Ма-а-ма! — запетушился Славик. — Да я на них и смотреть не хочу, не то что в руки брать! Это Тишка пусть со всякой нечистью нянькается! — Он сердито распахнул дверь и убежал в избу.

Варвара Егоровна погладила Тишку по голове:

— Вот Мурка и привела нам своих гвардейцев. И ты, Тишенька, зря расстраивался. Сколько слёз понапрасну пролил…

Тишка набирал, набирал воздуху в рот и чуть не разревелся опять.

— Мама, да гвардейцы-то ведь не Муркины… Я поэтому и расстраивался.

— Знаю, знаю, не Муркины, а твои, — опять не дослушала Тишку Варвара Егоровна и засмеялась.

Амбарная музыка

Бригадир Гомзиков собирал по деревне кошек.

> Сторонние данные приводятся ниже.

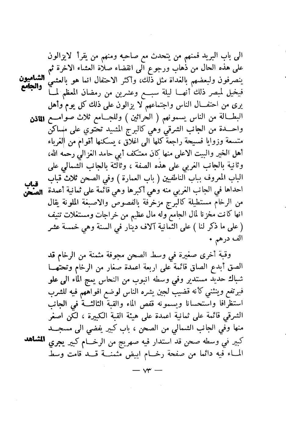 إلى باب البريد، فمنهم من يتحدث مع صاحبه، ومنهم من يقرأ، لا يزالون على هذه الحال من ذهاب ورجوع إلى انقضاء صلاة العشاء الآخرة، ثم ينصرفون ولبعضهم بالغداة مثل ذلك، (الشاميون والجامع) وأكثر الاحتفال إنما هو بالعشي، فيخيّل لمبصر ذلك أنها ليلة سبع وعشرين من رمضان المعظم، لما يرى من احتفال الناس واجتماعهم، لا يزالون على ذلك كل يوم، وأهل البطالة من الناس يسمونهم (الحرائين). (المآذن) وللجامع ثلاث صوامع، واحدة من الجانب الشرقي، وهي كالبرج المشيّد تحتوي على مساكن متسعة وزوايا فسيحة راجعة كلها إلى إغلاق، يسكنها أقوام من الغرباء أهل الخير، والبيت الأعلى منها كان معتكف أبي حامد الغزالي رحمه الله، وثانية بالجانب الغربي على هذه الصفة، وثالثة بالجانب الشمالي على الباب المعروف بباب الناطفيين (باب العمارة). (قباب الصحن) وفي الصحن ثلاث قباب، إحداها في الجانب الغربي منه وهي أكبرها، وهي قائمة على ثمانية أعمدة من الرخام، مستطيلة كالبرج، مزخرفة بالفصوص والأصبغة الملونة، يقال إنها كانت مخزناً لمال الجامع، وله مال عظيم من خراجات ومستغلاّت تنيف (على ما ذُكر لنا) على الثمانية آلاف دينار في السنة وهي خمسة عشر ألف درهم.

— Что, Иван Сергеевич? — смеялись женщины. — Кошачью ферму открываешь в Полежаеве? Молочную или мясную?

— Эксперимент покажет, какую лучше, — отшучивался бригадир и уже всерьёз добавлял: — Спасу от крыс не стало на зерносушилке. Вот попробуем армию на армию напустить — чья сильнее…

— Думаешь, экспериментальная победит?

— Да если Тишку к ним в командиры определим, они и не такое войско одолеют.

Тишка Соколов — от горшка два вершка — сидел на завалинке и куксился: опять старший брат убежал без него за ягодами. Алика Макарова, чужого человека, взял, а его, Тишку, оставил. И это брат называется. Конечно, Алик Тишке не ровня, Тишка это понимает и сам. Ну и подумаешь, семиклассник, но не студент же ещё пока. Конечно, с Аликом брату интереснее. Но если уж по-честному говорить, то и Алик Славику не чета, хоть Славка и моложе Макарова всего на один год. У Алика не голова, а Дом советов, а у Славки же — дырявый горшок, ему ещё до Алика тянуться и тянуться. Тишка даже быстрее дотянется. Брали бы его старшие ребята с собой, Тишка бы от них всё перенял, он восприимчивый… Вот подождите. Тишка через две недели первоклассником станет, он всех отличников за пояс заткнёт…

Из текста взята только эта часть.